■ **Work to be completed**
From the entries below, retype only the lines from the one with "北京市京师(沈阳)律师事务所" through the one with "A-16D Pro A-Net Distributor sPecificAtioNs", exactly as written.

■ **Source data**
++++

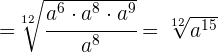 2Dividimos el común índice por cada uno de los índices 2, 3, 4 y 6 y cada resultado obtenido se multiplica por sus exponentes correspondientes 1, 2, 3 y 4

++++

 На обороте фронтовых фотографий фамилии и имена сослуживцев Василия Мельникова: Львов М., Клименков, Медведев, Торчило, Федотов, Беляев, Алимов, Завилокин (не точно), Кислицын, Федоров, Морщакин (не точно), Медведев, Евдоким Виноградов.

++++

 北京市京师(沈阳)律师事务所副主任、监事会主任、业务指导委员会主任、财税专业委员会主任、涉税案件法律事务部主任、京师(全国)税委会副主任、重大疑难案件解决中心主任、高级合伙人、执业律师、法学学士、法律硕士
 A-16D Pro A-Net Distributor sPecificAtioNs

++++

■ **Result**
 北京市京师(沈阳)律师事务所副主任、监事会主任、业务指导委员会主任、财税专业委员会主任、涉税案件法律事务部主任、京师(全国)税委会副主任、重大疑难案件解决中心主任、高级合伙人、执业律师、法学学士、法律硕士
 A-16D Pro A-Net Distributor sPecificAtioNs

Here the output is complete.